Start of Records for this exercise

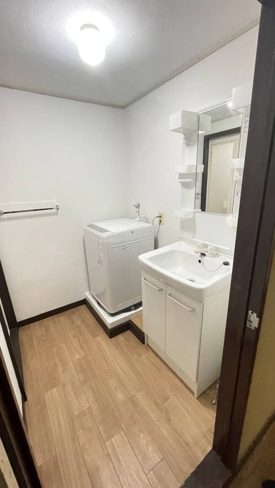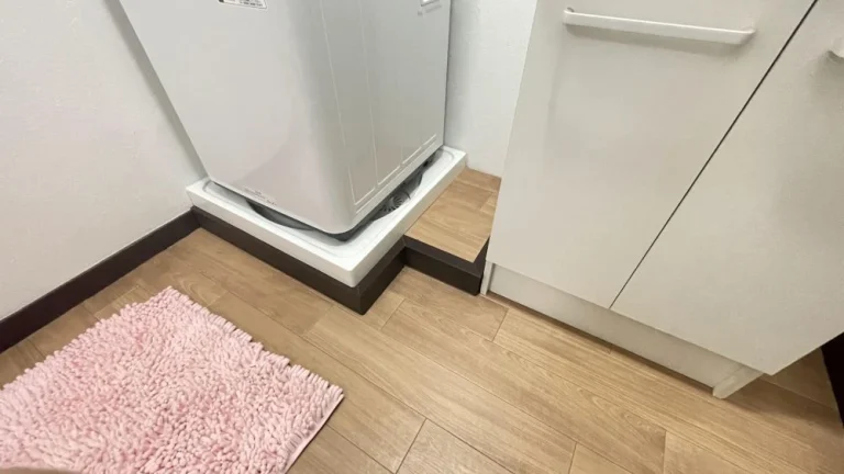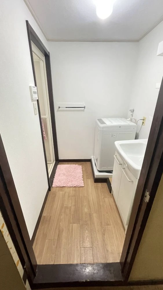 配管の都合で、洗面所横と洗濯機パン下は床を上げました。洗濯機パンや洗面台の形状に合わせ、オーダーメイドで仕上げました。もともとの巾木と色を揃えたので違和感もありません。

End of Records for this exercise
Start of Records for this exercise

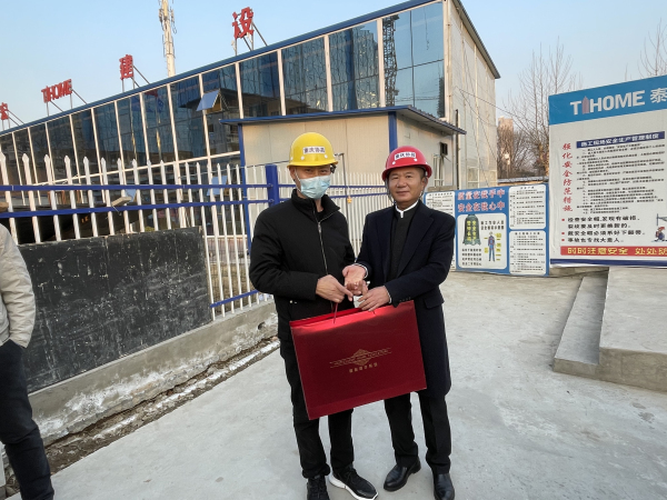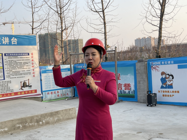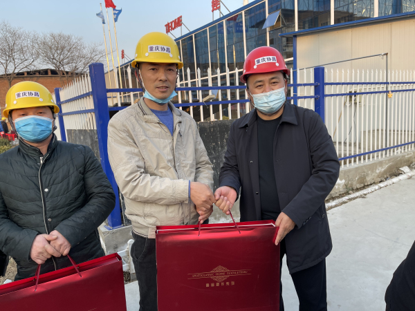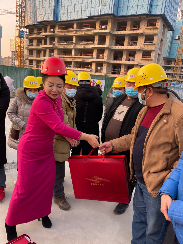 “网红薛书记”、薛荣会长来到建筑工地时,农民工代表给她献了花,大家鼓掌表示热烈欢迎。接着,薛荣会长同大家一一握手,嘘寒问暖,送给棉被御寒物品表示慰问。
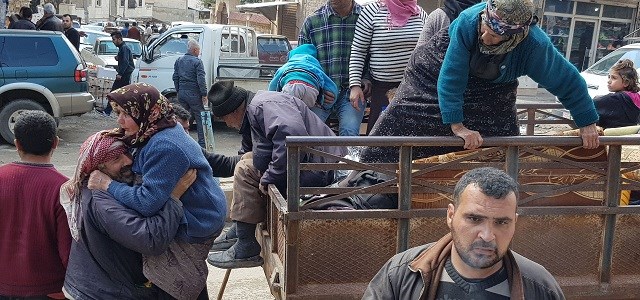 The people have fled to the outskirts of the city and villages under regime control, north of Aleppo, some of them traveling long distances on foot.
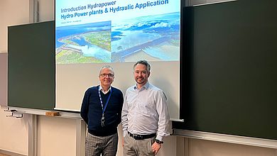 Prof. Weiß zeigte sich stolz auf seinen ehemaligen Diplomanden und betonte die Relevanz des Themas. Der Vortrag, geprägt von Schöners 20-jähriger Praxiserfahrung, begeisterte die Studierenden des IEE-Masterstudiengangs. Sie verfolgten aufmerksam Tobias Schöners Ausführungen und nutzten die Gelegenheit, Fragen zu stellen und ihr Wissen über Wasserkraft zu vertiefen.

End of Records for this exercise

What is needed |
Transcribe only this stretch of the data: the line with "The people have", the line with "Prof. Weiß zeigte", and every line in between. Leave out the pictures.

Solved problem |
 The people have fled to the outskirts of the city and villages under regime control, north of Aleppo, some of them traveling long distances on foot.
 Prof. Weiß zeigte sich stolz auf seinen ehemaligen Diplomanden und betonte die Relevanz des Themas. Der Vortrag, geprägt von Schöners 20-jähriger Praxiserfahrung, begeisterte die Studierenden des IEE-Masterstudiengangs. Sie verfolgten aufmerksam Tobias Schöners Ausführungen und nutzten die Gelegenheit, Fragen zu stellen und ihr Wissen über Wasserkraft zu vertiefen.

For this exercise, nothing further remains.